*** Opening of DATA ***

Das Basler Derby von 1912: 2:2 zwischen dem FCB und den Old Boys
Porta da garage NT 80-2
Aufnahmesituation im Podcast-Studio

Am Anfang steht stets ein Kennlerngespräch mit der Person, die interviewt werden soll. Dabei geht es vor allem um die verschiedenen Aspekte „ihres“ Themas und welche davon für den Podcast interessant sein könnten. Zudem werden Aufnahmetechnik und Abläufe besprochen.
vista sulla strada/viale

*** Close of DATA ***
*** Opening of DATA ***

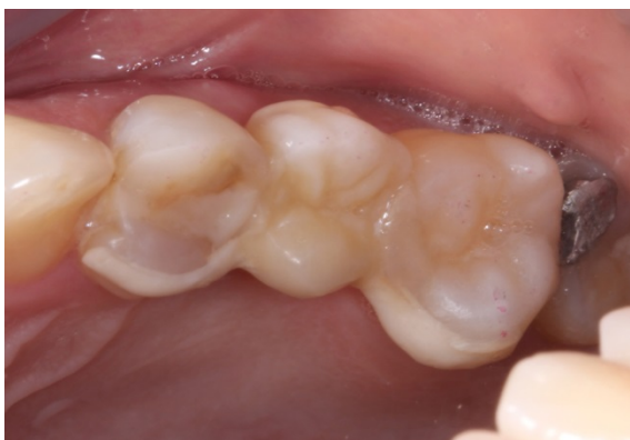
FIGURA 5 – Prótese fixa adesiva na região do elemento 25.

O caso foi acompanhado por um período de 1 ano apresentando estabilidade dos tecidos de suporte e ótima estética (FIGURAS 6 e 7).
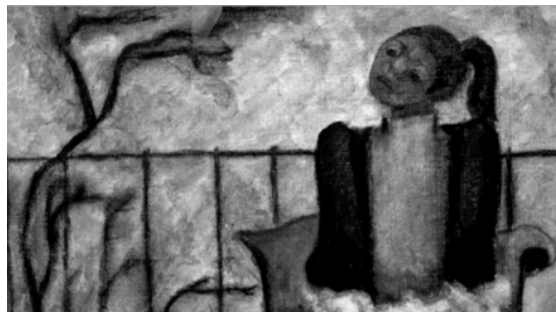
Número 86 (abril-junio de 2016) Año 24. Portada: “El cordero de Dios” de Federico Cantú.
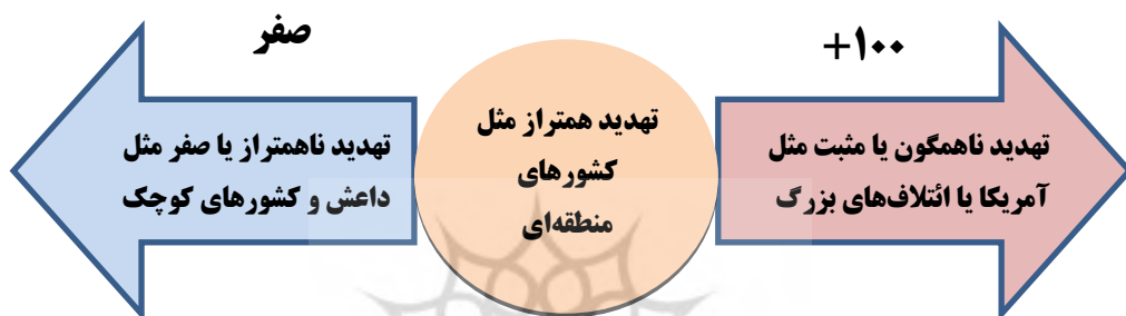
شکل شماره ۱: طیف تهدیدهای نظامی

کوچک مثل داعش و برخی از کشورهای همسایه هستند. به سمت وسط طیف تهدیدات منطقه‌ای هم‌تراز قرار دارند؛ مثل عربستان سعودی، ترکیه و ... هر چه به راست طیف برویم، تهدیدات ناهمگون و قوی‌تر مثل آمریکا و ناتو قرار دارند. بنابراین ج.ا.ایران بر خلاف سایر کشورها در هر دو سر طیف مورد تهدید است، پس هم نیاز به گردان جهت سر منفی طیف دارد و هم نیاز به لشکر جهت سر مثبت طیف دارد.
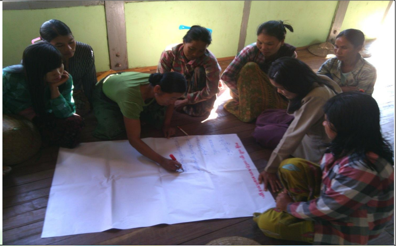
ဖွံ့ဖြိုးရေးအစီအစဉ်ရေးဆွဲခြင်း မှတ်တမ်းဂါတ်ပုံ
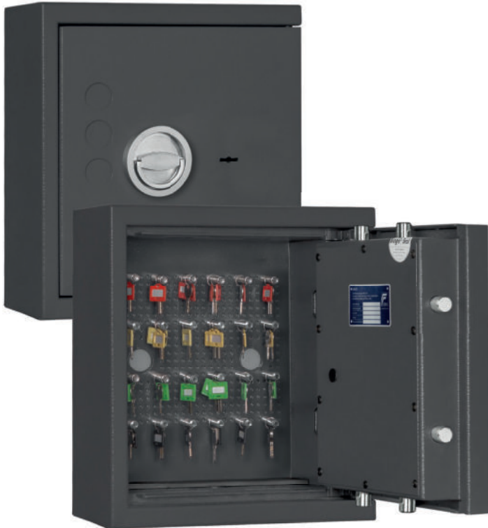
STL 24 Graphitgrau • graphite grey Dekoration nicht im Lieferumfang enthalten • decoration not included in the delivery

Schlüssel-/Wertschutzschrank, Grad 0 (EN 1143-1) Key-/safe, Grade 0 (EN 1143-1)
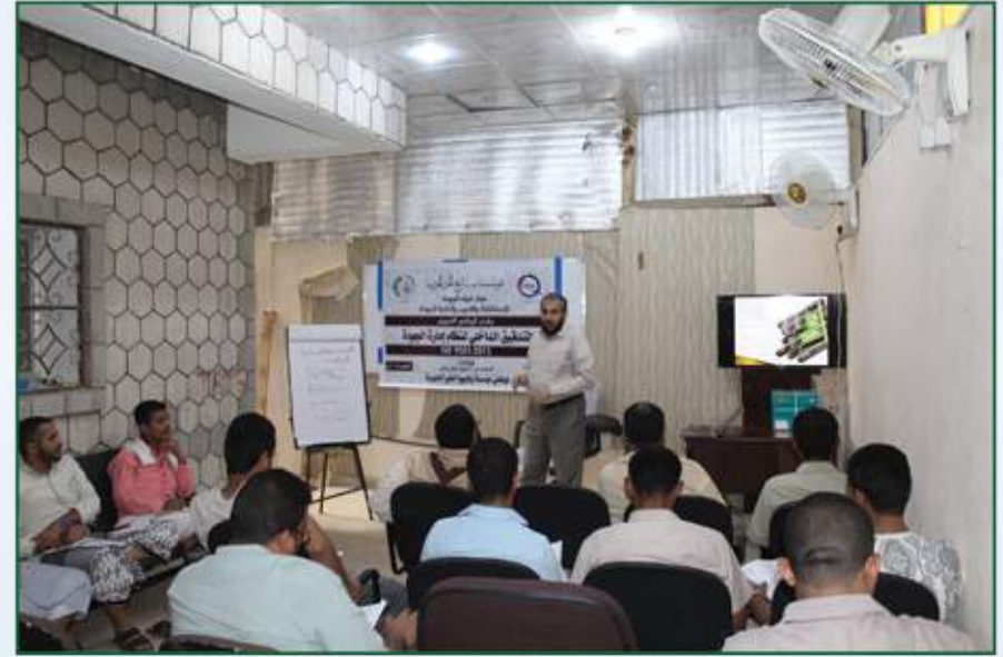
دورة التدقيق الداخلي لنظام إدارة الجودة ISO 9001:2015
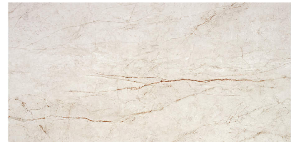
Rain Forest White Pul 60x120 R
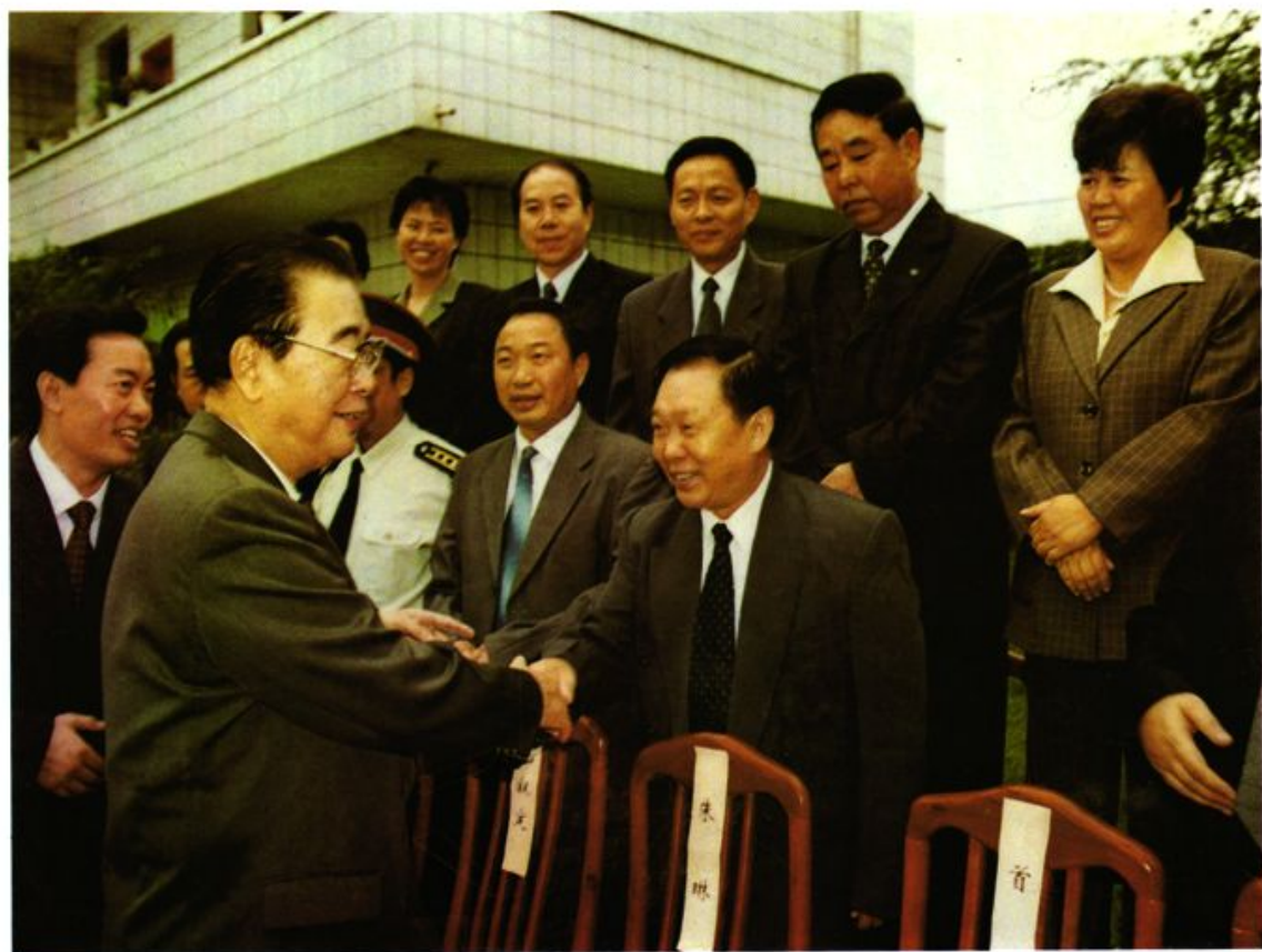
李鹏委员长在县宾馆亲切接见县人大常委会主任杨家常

*** Close of DATA ***
*** Opening of DATA ***

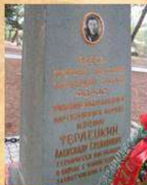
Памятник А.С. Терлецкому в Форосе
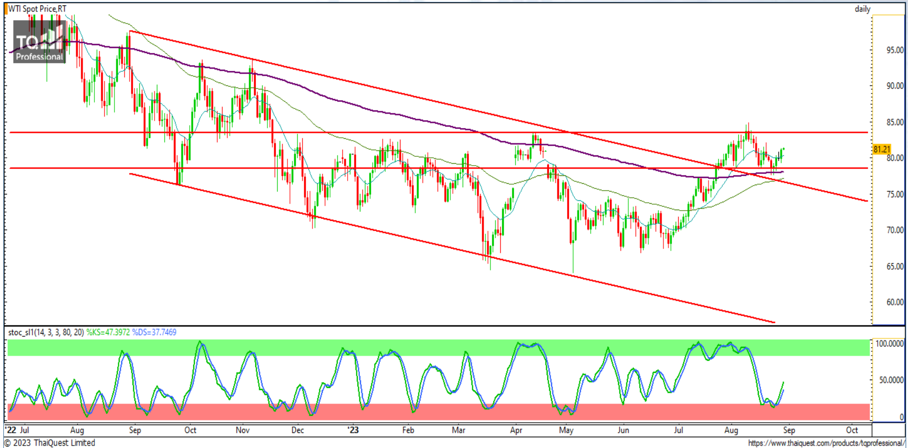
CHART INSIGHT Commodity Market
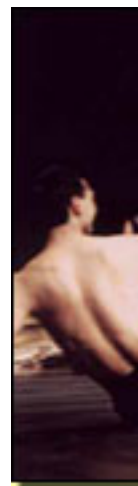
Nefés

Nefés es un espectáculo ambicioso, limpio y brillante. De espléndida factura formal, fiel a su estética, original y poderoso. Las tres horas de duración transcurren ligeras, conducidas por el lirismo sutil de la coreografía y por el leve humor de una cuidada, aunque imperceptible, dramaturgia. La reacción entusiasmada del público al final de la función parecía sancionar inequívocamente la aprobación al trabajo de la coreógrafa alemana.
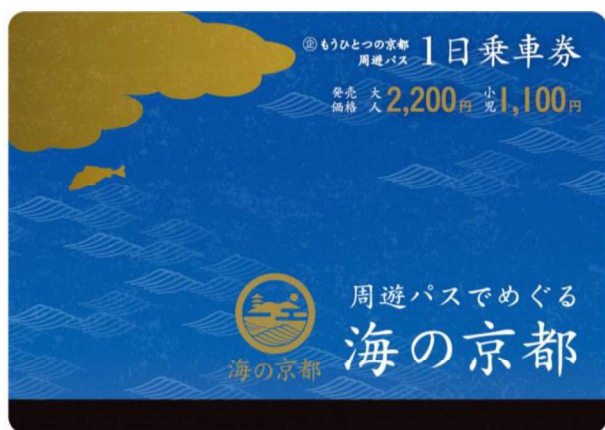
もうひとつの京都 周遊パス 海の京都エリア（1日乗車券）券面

*** Close of DATA ***

ACTIVITY – Working from the records above, set down word for word everything from the line containing "O caso foi acompanhado" down to the line containing "李鹏委员长在县宾馆亲切接见县人大常委会主任杨家常", ends included, minus the pictures.

RESULT FOR THIS EXERCISE –
O caso foi acompanhado por um período de 1 ano apresentando estabilidade dos tecidos de suporte e ótima estética (FIGURAS 6 e 7).
Número 86 (abril-junio de 2016) Año 24. Portada: “El cordero de Dios” de Federico Cantú.
شکل شماره ۱: طیف تهدیدهای نظامی

کوچک مثل داعش و برخی از کشورهای همسایه هستند. به سمت وسط طیف تهدیدات منطقه‌ای هم‌تراز قرار دارند؛ مثل عربستان سعودی، ترکیه و ... هر چه به راست طیف برویم، تهدیدات ناهمگون و قوی‌تر مثل آمریکا و ناتو قرار دارند. بنابراین ج.ا.ایران بر خلاف سایر کشورها در هر دو سر طیف مورد تهدید است، پس هم نیاز به گردان جهت سر منفی طیف دارد و هم نیاز به لشکر جهت سر مثبت طیف دارد.
ဖွံ့ဖြိုးရေးအစီအစဉ်ရေးဆွဲခြင်း မှတ်တမ်းဂါတ်ပုံ
STL 24 Graphitgrau • graphite grey Dekoration nicht im Lieferumfang enthalten • decoration not included in the delivery

Schlüssel-/Wertschutzschrank, Grad 0 (EN 1143-1) Key-/safe, Grade 0 (EN 1143-1)
دورة التدقيق الداخلي لنظام إدارة الجودة ISO 9001:2015
Rain Forest White Pul 60x120 R
李鹏委员长在县宾馆亲切接见县人大常委会主任杨家常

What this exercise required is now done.